## WORK TASK
Your task is to transcribe the data exactly while omitting each picture.

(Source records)
——

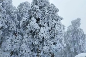 由于山顶气温很低又云遮雾绕,
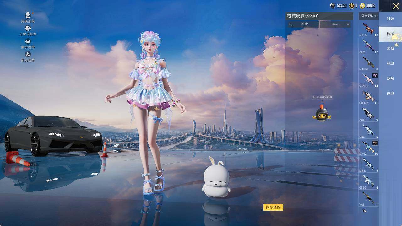 M416-风花雪月,Kar98K-巳巳如意,SKS-碧影闪光,SLR-暗夜玫瑰,MG3-洛神天依
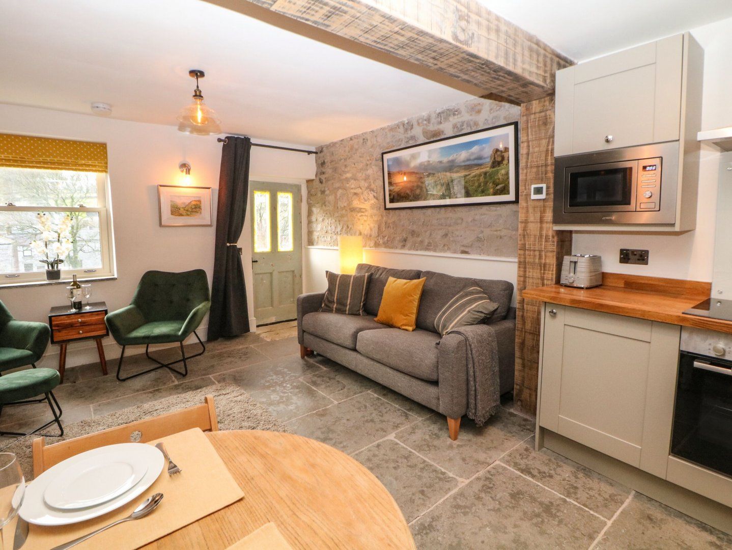 Amenities Gas central heating and underfloor heating downstairs. Electric oven and hob, microwave, fridge with ice box, washing machine, dishwasher. Smart TV, WiFi. Fuel and power inc. in rent. Bed linen and towels inc. in rent. Travel cot, highchair and stairgate available on request. Roadside parking available on a first-come, first-serve basis. Raised front patio with furniture and enclosed rear courtyard with bike storage, furniture and barbecue. Two well-behaved pets welcome. Sorry, no smoking. Shop 0.2 miles, pub 0.1 mile. Note: There are stone steps leading up to the front of the property, please take care. Note: Check-in from 4pm, check-out by 10am. Note: EV charging is prohibited at this property, the nearest charging point can be found at Millers Dale car park. Please note: The top bunk bed is suitable for children over to the age of 6 only, due to the weight limit.
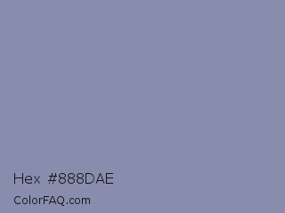 Hex #888dae Color is a light blue color and the nearest color is Cool Grey #8c92ac. Hex code #888dae and RGB value is rgb(136,141,174). In RGB color space, this color is composed of 53% red, 55% green, 68% blue, In CMYK color space, this color is composed of 22% cyan, 19% magenta, 0% yellow , 32% black , In HSL color space, this color has a hue angle of 232° , 19% saturation and 61% lightness.
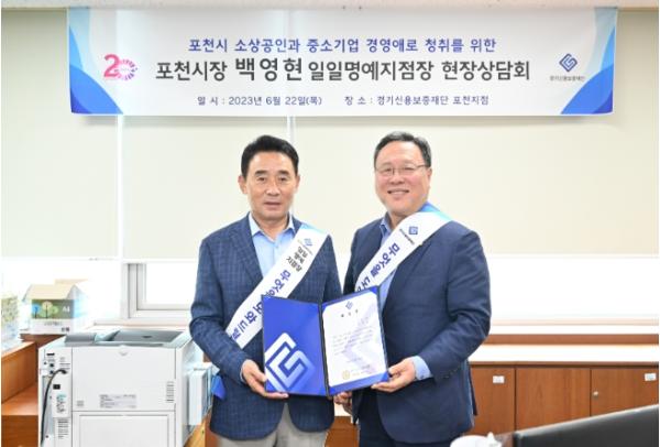 [한국뉴스타임=편집국] 백영현 포천시장은 지난 22일 경기신용보증재단 포천지점을 방문해 기업애로를 청취하고, 일일명예지점장으로 현장상담을 진행했다.

——

## ANSWER SECTION
 由于山顶气温很低又云遮雾绕,
 M416-风花雪月,Kar98K-巳巳如意,SKS-碧影闪光,SLR-暗夜玫瑰,MG3-洛神天依
 Amenities Gas central heating and underfloor heating downstairs. Electric oven and hob, microwave, fridge with ice box, washing machine, dishwasher. Smart TV, WiFi. Fuel and power inc. in rent. Bed linen and towels inc. in rent. Travel cot, highchair and stairgate available on request. Roadside parking available on a first-come, first-serve basis. Raised front patio with furniture and enclosed rear courtyard with bike storage, furniture and barbecue. Two well-behaved pets welcome. Sorry, no smoking. Shop 0.2 miles, pub 0.1 mile. Note: There are stone steps leading up to the front of the property, please take care. Note: Check-in from 4pm, check-out by 10am. Note: EV charging is prohibited at this property, the nearest charging point can be found at Millers Dale car park. Please note: The top bunk bed is suitable for children over to the age of 6 only, due to the weight limit.
 Hex #888dae Color is a light blue color and the nearest color is Cool Grey #8c92ac. Hex code #888dae and RGB value is rgb(136,141,174). In RGB color space, this color is composed of 53% red, 55% green, 68% blue, In CMYK color space, this color is composed of 22% cyan, 19% magenta, 0% yellow , 32% black , In HSL color space, this color has a hue angle of 232° , 19% saturation and 61% lightness.
 [한국뉴스타임=편집국] 백영현 포천시장은 지난 22일 경기신용보증재단 포천지점을 방문해 기업애로를 청취하고, 일일명예지점장으로 현장상담을 진행했다.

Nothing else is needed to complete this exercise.